Supplemental Coverage Option: A Crop Insurance Solution for Fruit & Row Crop
7/15/2020
Phillip Preston, GreenStone Crop Insurance Specialist
Blueberries
 

It's hard to sleep at night when a huge storm, frost, or drought is looming. Those big events that affect the whole neighborhood can be disastrous and hard to recover from. Just say "2012" to any fruit grower and watch them shudder with bad memories. In 2012 we didn't have all the risk mitigation solutions we have now. 

 

In 2015, the Risk Management Agency (RMA) released the Supplemental Coverage Option (SCO), as an enhancement to Actual Production History (APH), Yield Protection (YP), Revenue Protection (RP), and Revenue Protection with Harvest Price Exclusion (RP-HPE).  SCO is one of the more attractively priced products and is subsidized at 65%, making it one of the most cost-effective ways to enhance coverage and manage risk. It is available as a supplement to CAT as well as the higher tier coverages.

 

SCO follows a grower’s existing policy by starting where the underlying policy stops and taking that coverage to 86%. Remember that most fruit APH policy’s max out at 75% and are often expensive to obtain that level of coverage. Uniquely, SCO pays losses based on an area-wide-loss, not on the individual experience. The coverage begins where a producer’s primary policy leaves off, and extends to 86% of their production history. 

 

For example, if a producer has a CAT policy that covers 50% of their production, then they are gaining an additional 36% of their average. Losses are paid based on county performance. If the county (or in some cases multiple counties) slips below 86% of their projected production per acre, then losses are automatically paid to the grower based on their average history. If the county (or counties) are at 80% of the projection, the producer will get paid 6% of their average (86% - 80% = 6%). These losses would be paid regardless of a producer’s individual experience.

 

So why might you like this coverage? 

  1. The cost. It one of the cheapest solutions available to growers. 

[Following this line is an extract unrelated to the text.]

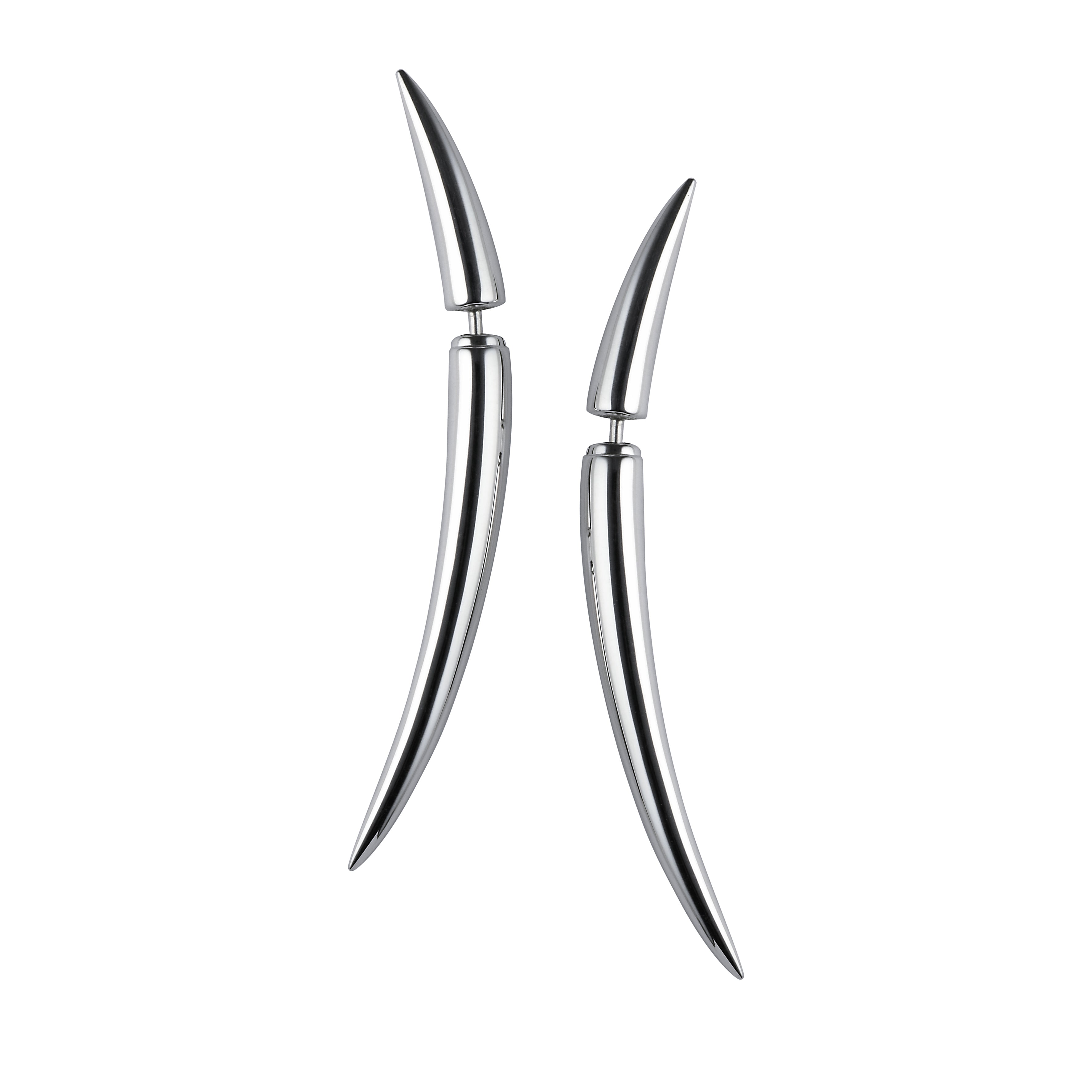 Quill Earrings are handcrafted from sterling silver. The double-edged Quill is an elegant yet dangerous curve. Created for the Alexander McQueen SS03 show, Irene, it was an expansion of the pointed aesthetic Leane curated in the 90s. The porcupine-inspired shape is reverent to our House code: Line, dramatic spikes, androgynous cuts with a modern sensibility. Distilled, here, into powerful silver earrings, Quill's curvilinear lines are softened, with symmetrical framing of the face and an elongated neck, creating drama and dynamism. Designed as a two-piece construction, with a left and a right side and an elegant drop of 36mm - a compact, subtle length. Available as singles, in standard or large sizes.

   2. It’s a little more predictable. We can look back 20+ years and see when and where this policy would have triggered a payment for the grower. 

  3. It provides a security against those “BIG” events that keep everyone awake at night. If there had been SCO in 2012, many growers would have slept better. Sometimes you can’t fight Mother Nature, and usually your neighbors and most of the county are going to be in the same situation. 

  4. It’s available to many fruit growers! This one is rare, as there isn’t usually a lot of supplements for fruit growers, which typically leaves them with a substantial gap to self-insure. 

  5. SCO offers growers with young perennials that have a poor historical average, a chance at legitimate coverage. It is common for young blocks of perennial fruit to have a historical average that doesn’t represent the blocks’ expectations. That makes it difficult to trigger a claim even though you’ve experienced legitimate losses.

 

For 2020, SCO was available for apples, blueberries, grapes, peaches, and more. (SCO is also available for many of row crops, as long as the producer did NOT select ARC from FSA.)

 

SCO doesn’t work for everything. For example: a hailstorm hits only you; not the county. SCO probably won’t help, but your base policy will. 
Or, a frost event killed 40% of your bloom. SCO will probably help because it probably hit everyone! 

 

Is SCO right for your farm? Maybe. A crop insurance specialist well-versed in all available options should always be consulted when determining what coverage is right for your farm. No operation is the same as another. Your risks and goals should always be mindfully evaluated every year.